Every time Louis Murphy scores a touchdown this season, watch him point to the sky.

He's talking to his guardian angel. Her name is Filomena.

Murphy and his mother, more affectionately known as Mina, were as close as a mother and son could be.

Mina found a lump in her breast his senior year of high school. Gradually, her health prevented her from attending the majority of his games last year. So mother and son devised a signal that would let them talk to each other while the wide receiver was on the field.

Whenever he scored last season, he pointed to the sky. They spoke five times.

Murphy went home for two weeks in the off-season after the Capital One Bowl when his mother's conditioned worsened and she had to be hospitalized.

"I told her that I loved her," he said. "I got a chance to talk to her before she went."

After a four-year battle with cancer, Mina, the person he had grown to call "his heart," died on Valentine's Day. She was 47.

As soon as coach Urban Meyer got the phone call, he left the Southeastern Conference meetings, hopped on a plane and headed for St. Petersburg, Murphy's hometown. Meyer's mother passed away nine years ago, so he knew he had to be there to offer Murphy his condolences and what insight he could.

"The advice when people say, 'Time heals all wounds and it's eventually going to go away,' that's absolutely wrong," Meyer said. "It's not going to go away.

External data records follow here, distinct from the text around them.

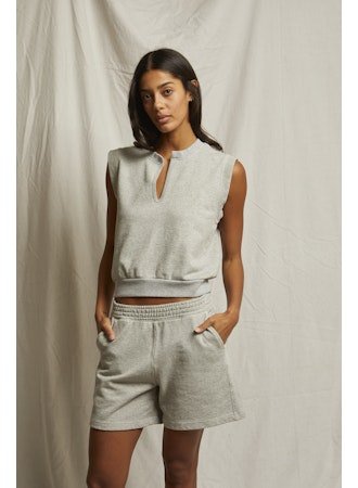 The Sloane French terry split top from perfectwhitetee combines premium quality with a timeless design, offering a versatile style that seamlessly transitions from casual to refined looks.
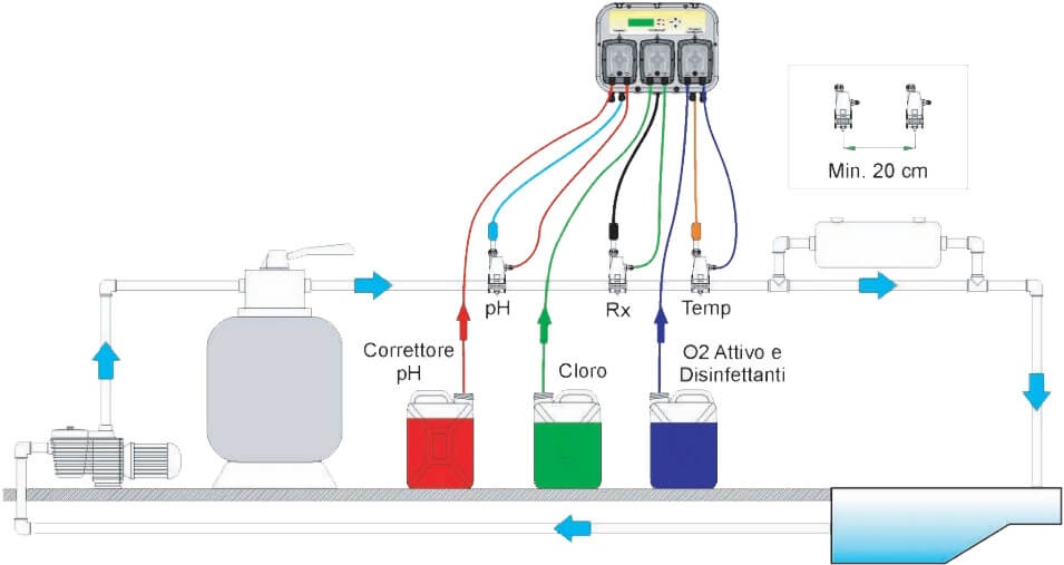Aqua Technopool 3 Ph-Rx-Timer is designed for dosing with RX and pH control in pools up to 250 cubic meters.
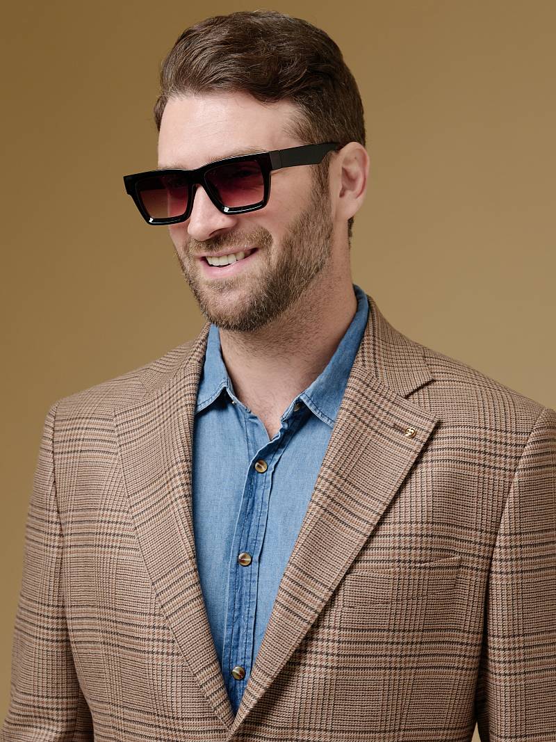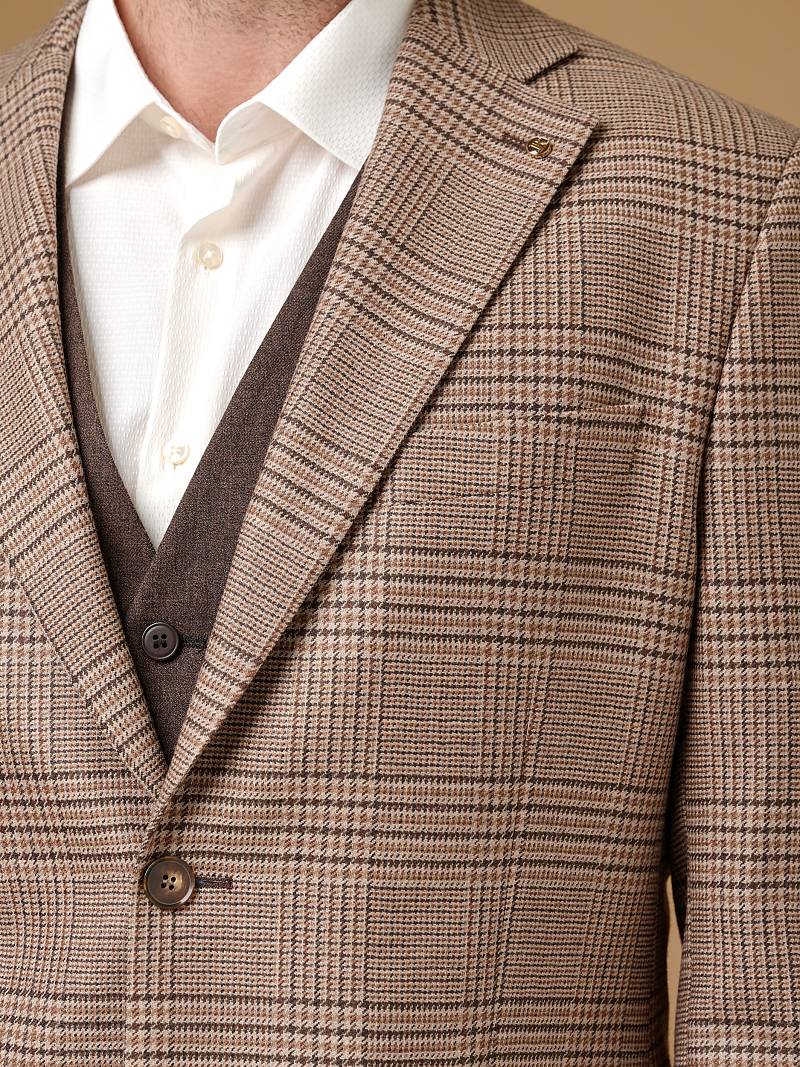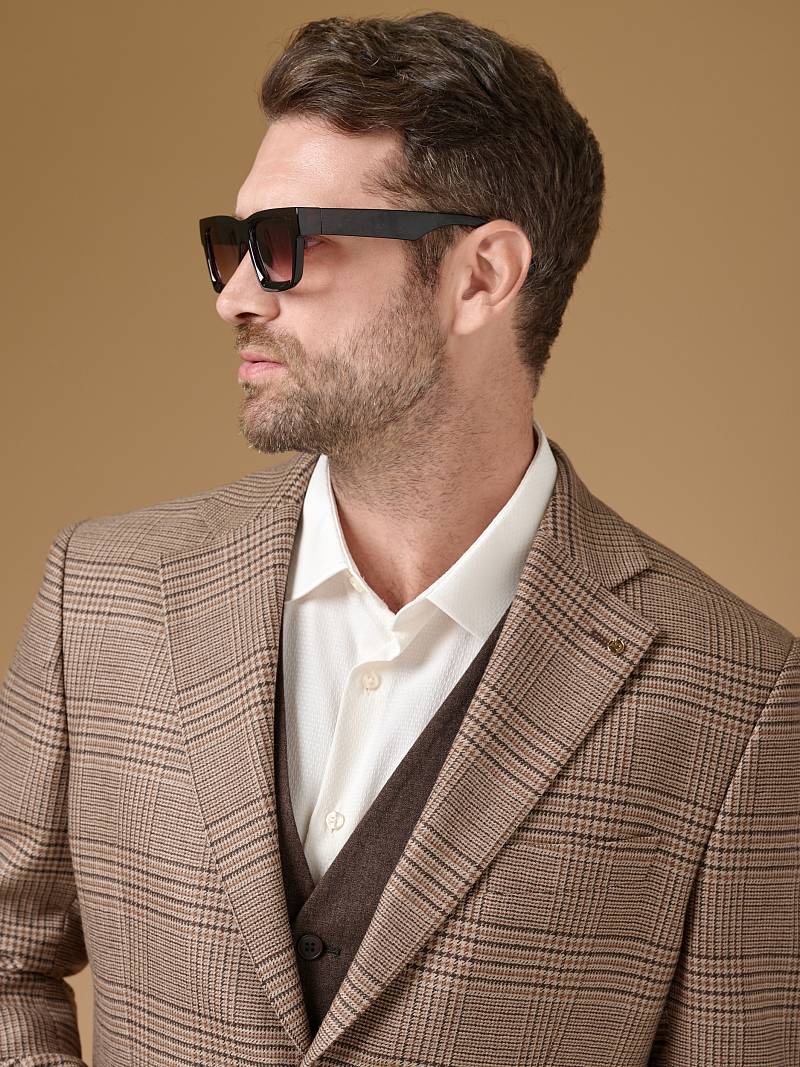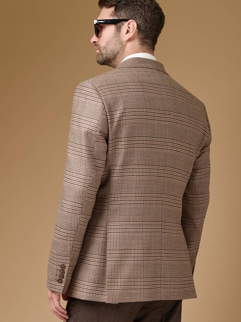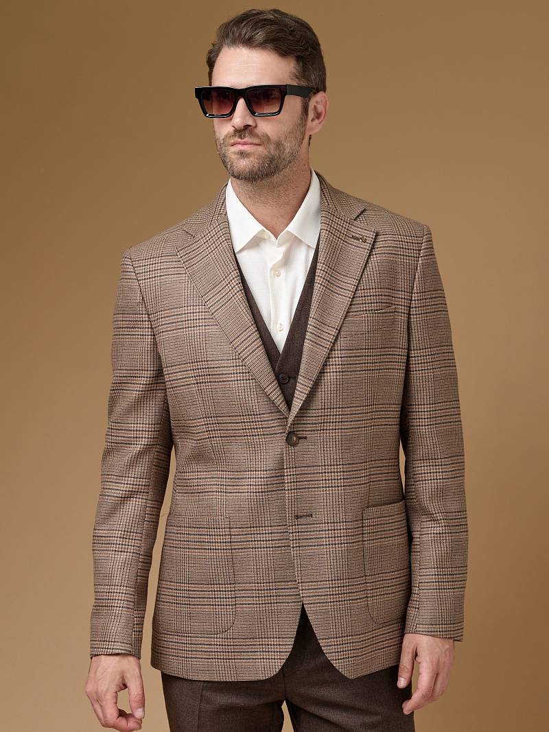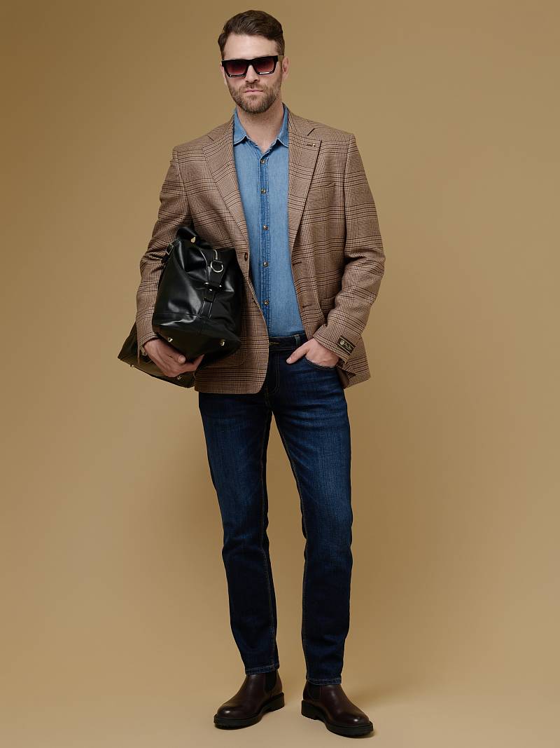Classic fit (ПОЛУПРИЛЕГАЮЩИЙ СИЛУЭТ). Классическая однобортная модель на две пуговицы из шерстяной ткани в клетку подойдет для любого случая в жизни и завершит образ в стиле smart casual. Пиджак с широкими лацканами и мягкой линией плеч отлично сядет по фигуре, а расположенные по спинке две шлицы обеспечат дополнительный комфорт и свободу движения. Для придания образу торжественности подкладку нагрудного кармана можно использовать как платок-паше. Лацканы украсили небольшим значком в виде эмблемы бренда. Обработан пиджак шелковой подкладкой с двумя внутренними карманами. Дизайнеры марки BAZIONI тщательно подходят к выбору материалов. Пуговицы подбираются и красятся индивидуально под каждую ткань, а прикладные материалы используют только от передовых производителей. Пиджак мужской, классический, под джины, повседневный, молодежный, casual, для работы в офисе, модный, для мужа, сына, брата, на праздник.

You just have to learn how to handle it and almost use it as strength."

His teammates rode a bus down for the services at Mount Zion Progressive Missionary Baptist Church, where his father is the pastor. Among those in attendance was former teammate Reggie Nelson, whose mother passed away before the 2007 BCS National Championship Game.

Nelson has kept his loss extremely private, and to this day has never opened up publicly, but he reached out to Murphy. The two still swap text messages throughout the week just to check on each other.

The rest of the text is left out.